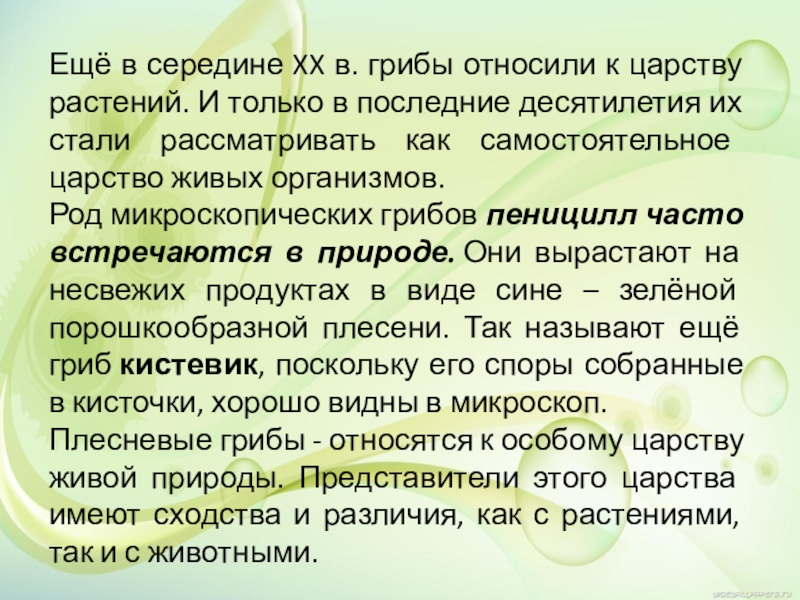Слайд 6Ещё в середине XX в. грибы относили к царству растений. И
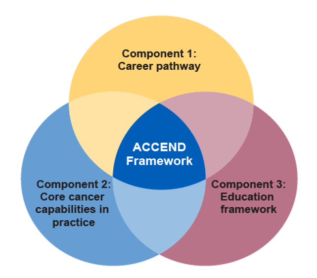 ACCEND stands for Aspirant Cancer Career Education and Development. It provides a national framework outlining the skills, knowledge, and capabilities healthcare professionals need to provide high-quality care to people affected by cancer. It serves as a life-long career pathway for nurses, allied health professionals and support workers that will help design and standardise career development and training opportunities.
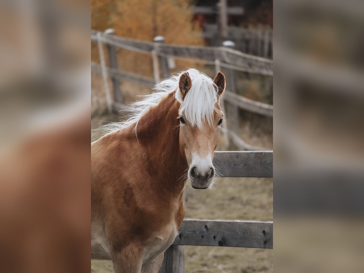 Benetton is a very tall Haflinger who comfortably carries the weight of an adult rider. He is very curious and not spooky. He is also accustomed to dogs. He has been microchipped and is regularly dewormed. In spring, he was foaled and was able to spend his second summer in the mixed herd on the mountain pasture, where he gained confidence and resilience. His mother and father are both used in our operation to pull carriages and are regularly ridden. His beautiful coat and friendly nature make him a great companion for leisure riding.
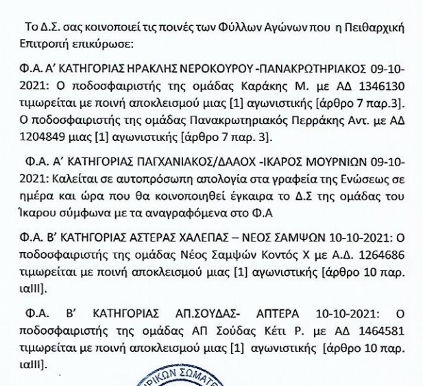 ΤοπικόΕΠΣΧ:Οι ποινές της προηγούμενης αγωνιστικής 16 Οκτ Η ΕΠΣ Χανίων ανακοίνωσε το Ποινολόγιο της προηγούμενης αγωνιστικής στα τοπικά Χανίων. Αναλυτικά:
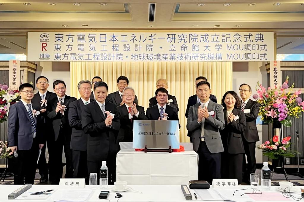 儀式上,東方電氣股份有限公司副總裁李建華與立命館大學、地球環境產業技術研究機構代表分別簽署合作備忘錄。

++++

TASK PROMPT: Every line from the one containing "ACCEND stands for" through the last line of the records is to be reproduced exactly, with pictures left out and nothing else given.

YOUR SOLUTION:
 ACCEND stands for Aspirant Cancer Career Education and Development. It provides a national framework outlining the skills, knowledge, and capabilities healthcare professionals need to provide high-quality care to people affected by cancer. It serves as a life-long career pathway for nurses, allied health professionals and support workers that will help design and standardise career development and training opportunities.
 Benetton is a very tall Haflinger who comfortably carries the weight of an adult rider. He is very curious and not spooky. He is also accustomed to dogs. He has been microchipped and is regularly dewormed. In spring, he was foaled and was able to spend his second summer in the mixed herd on the mountain pasture, where he gained confidence and resilience. His mother and father are both used in our operation to pull carriages and are regularly ridden. His beautiful coat and friendly nature make him a great companion for leisure riding.
 ΤοπικόΕΠΣΧ:Οι ποινές της προηγούμενης αγωνιστικής 16 Οκτ Η ΕΠΣ Χανίων ανακοίνωσε το Ποινολόγιο της προηγούμενης αγωνιστικής στα τοπικά Χανίων. Αναλυτικά:
 儀式上,東方電氣股份有限公司副總裁李建華與立命館大學、地球環境產業技術研究機構代表分別簽署合作備忘錄。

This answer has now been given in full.